The tensile strength of the PMs (30 mm × 20 mm) was measured using an electronic universal testing machine (UTM-4202, Shenzhen Autostrong, Shenzhen, China) at a crosshead speed of 2 mm∙min-1, in accordance with GB/T 1040.5-(2006), using the test conditions for unidirectional fiber-reinforced plastic composites. Scanning electron microscopy (SEM) (JSM-7600, JEOL, Toyko, Japan) was used to characterize the morphology of the PMs.

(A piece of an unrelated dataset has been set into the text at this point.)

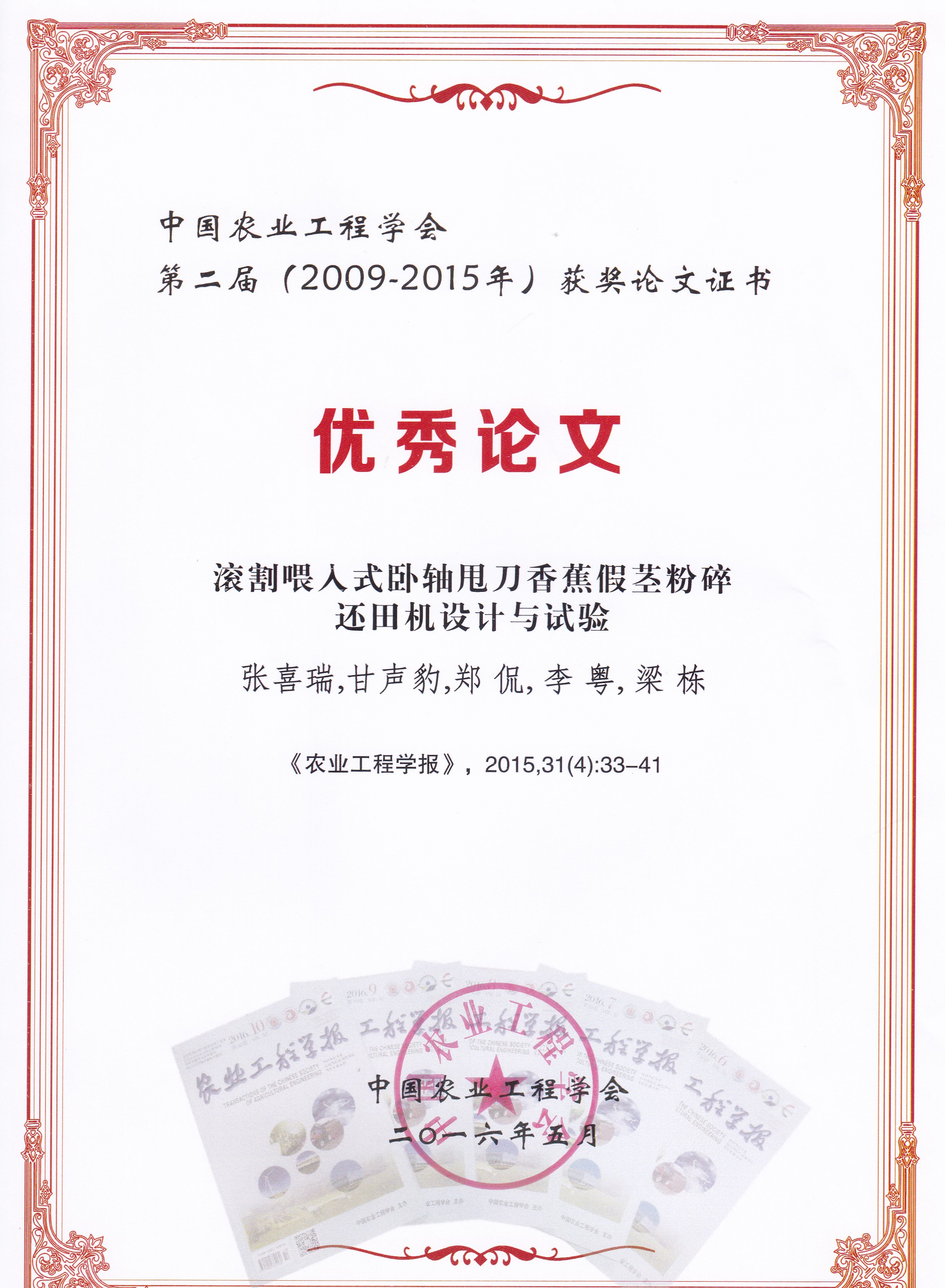 近日,公司热带作物秸秆机械化技术课题组两篇《农业工程学报》论文入选“中国农业工程学会第二届优秀论文”。两篇论文分别是“滚割喂入式卧轴甩刀香蕉假茎粉碎还田机设计与试验”(通讯作者:张喜瑞副教授)、“喂入式立轴甩刀香蕉秸秆粉碎还田机设计与试验”(通讯作者:李粤教授)。继2009年中国农业工程学会第一届优秀论文评选后,中国农业工程学会今年启动了第二届优秀论文评选。本届优秀论文评选范围是《农业工程学报》2009-2015年刊发的论文,优秀论文遴选采用文献指标定量与发表时专家评审意见定性相结合,提出候选论文,由中国农业工程学会组织专家评审。

A thermogravimetric analyzer (DTG-60, Shimadzu, Kyoto, Japan) was used to determine the thermal stability of the PMs, with a heating rate of 10 °C·min-1 from 30 °C to 600 °C while the apparatus was continually flushed with a nitrogen flow of 50 mL·min-1. All samples were vacuum-dried at 40 °C for 24 h prior to thermal gravimetric analysis (TGA). The prepared chlorobenzene solution was used as simulated wastewater. Solute adsorption experiments were performed in batch conditions by adding PMs into the simulated wastewater (200 mL) with different solute concentrations. The suspensions were stirred (QHJ756B, Xinyi Instrument, Changzhou, China) for 3 h to 4 h at 300 rpm and 25 °C to reach the adsorption equilibrium. The PMs were then isolated via centrifugation and washed using the mixed solution of ethanol and deionized water for recycling. The adsorptivities of the organic solute on the PMs were determined using UV spectroscopy (TU-1810, Beijing Puxi General Instrument Co., Ltd., Beijing, China).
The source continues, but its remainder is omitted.